**Records for this task**:

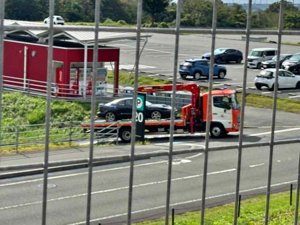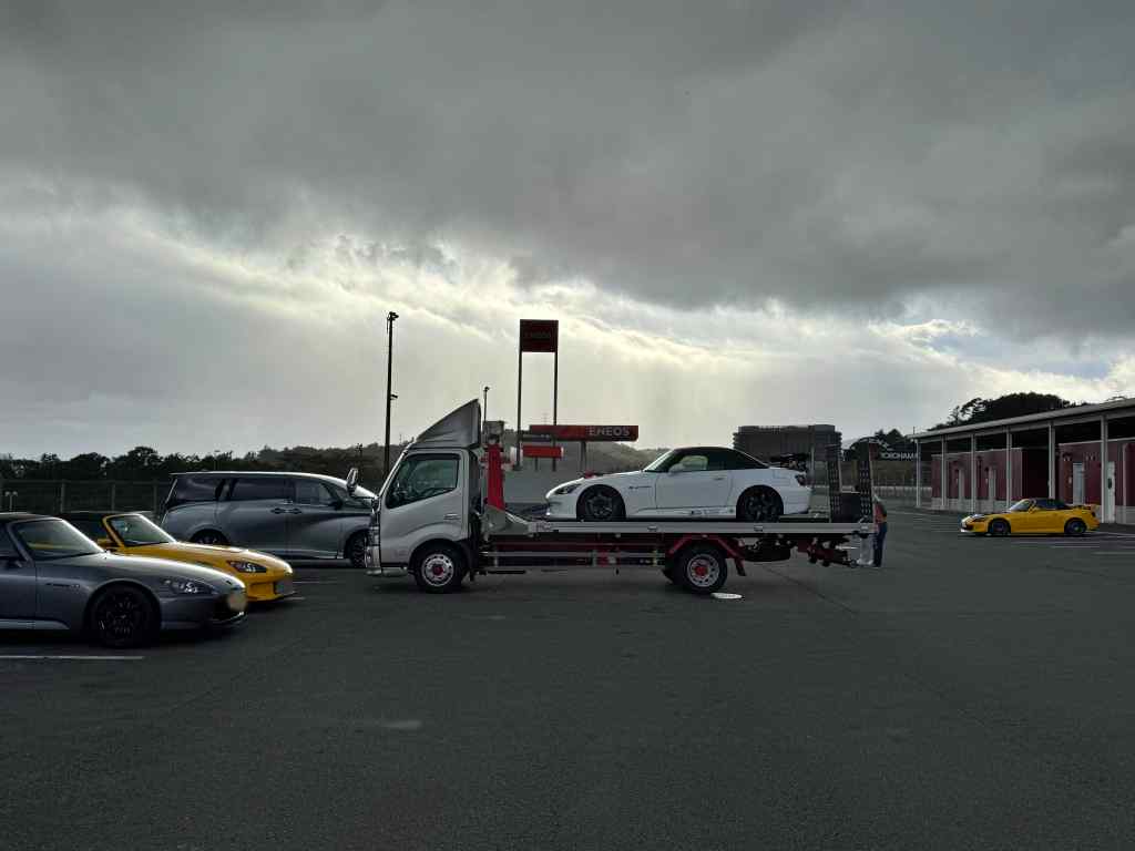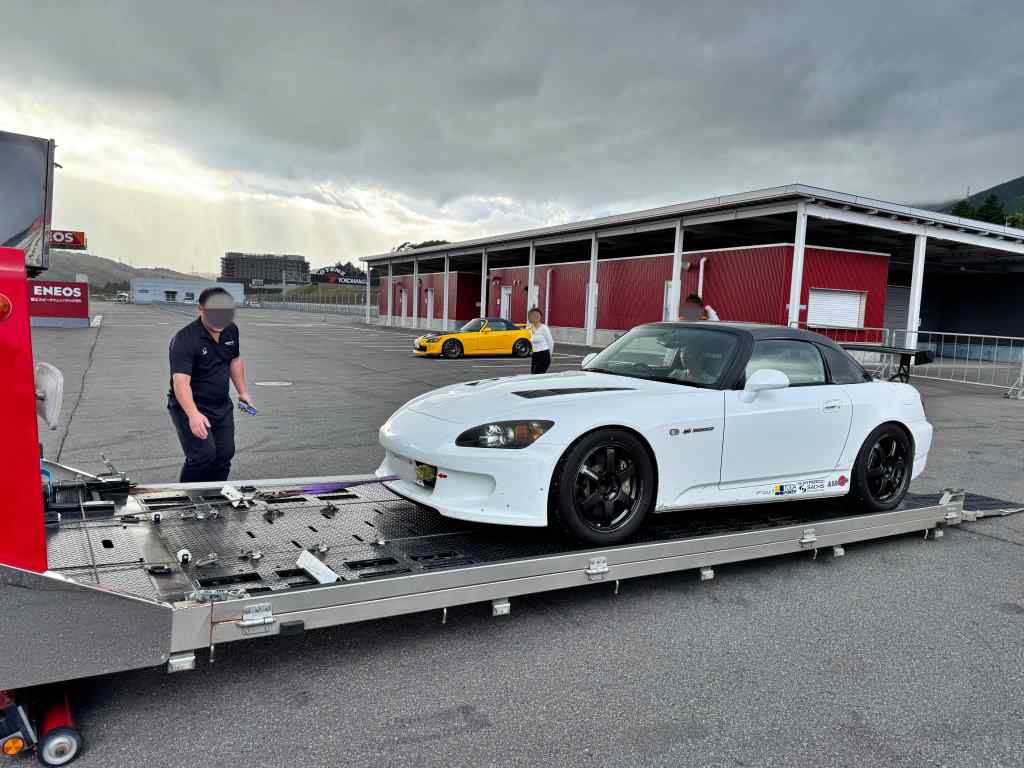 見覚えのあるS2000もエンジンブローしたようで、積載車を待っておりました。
--
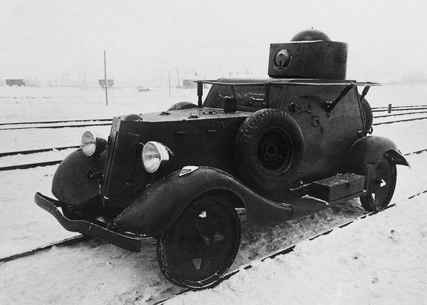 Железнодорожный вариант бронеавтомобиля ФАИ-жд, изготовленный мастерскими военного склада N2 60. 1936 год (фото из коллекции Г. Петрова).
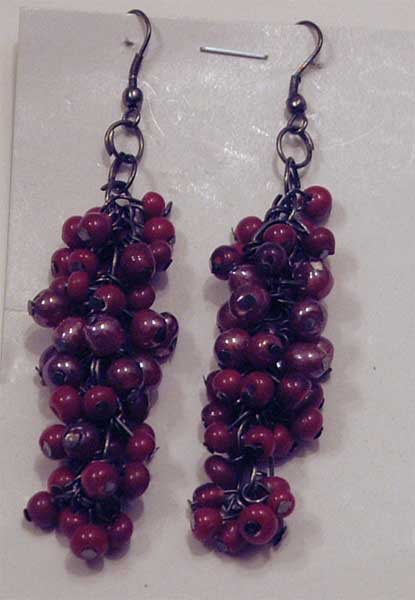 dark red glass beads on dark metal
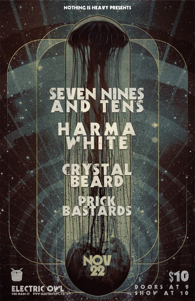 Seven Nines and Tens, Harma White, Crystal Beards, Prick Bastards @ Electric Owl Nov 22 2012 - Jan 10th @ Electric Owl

**Task prompt**: Within the entries above, the lines from the one containing "Железнодорожный вариант бронеавтомобиля" through the one containing "Seven Nines and" are to be transcribed exactly, ends included, pictures excluded.

**Answer section**:
 Железнодорожный вариант бронеавтомобиля ФАИ-жд, изготовленный мастерскими военного склада N2 60. 1936 год (фото из коллекции Г. Петрова).
 dark red glass beads on dark metal
 Seven Nines and Tens, Harma White, Crystal Beards, Prick Bastards @ Electric Owl Nov 22 2012 - Jan 10th @ Electric Owl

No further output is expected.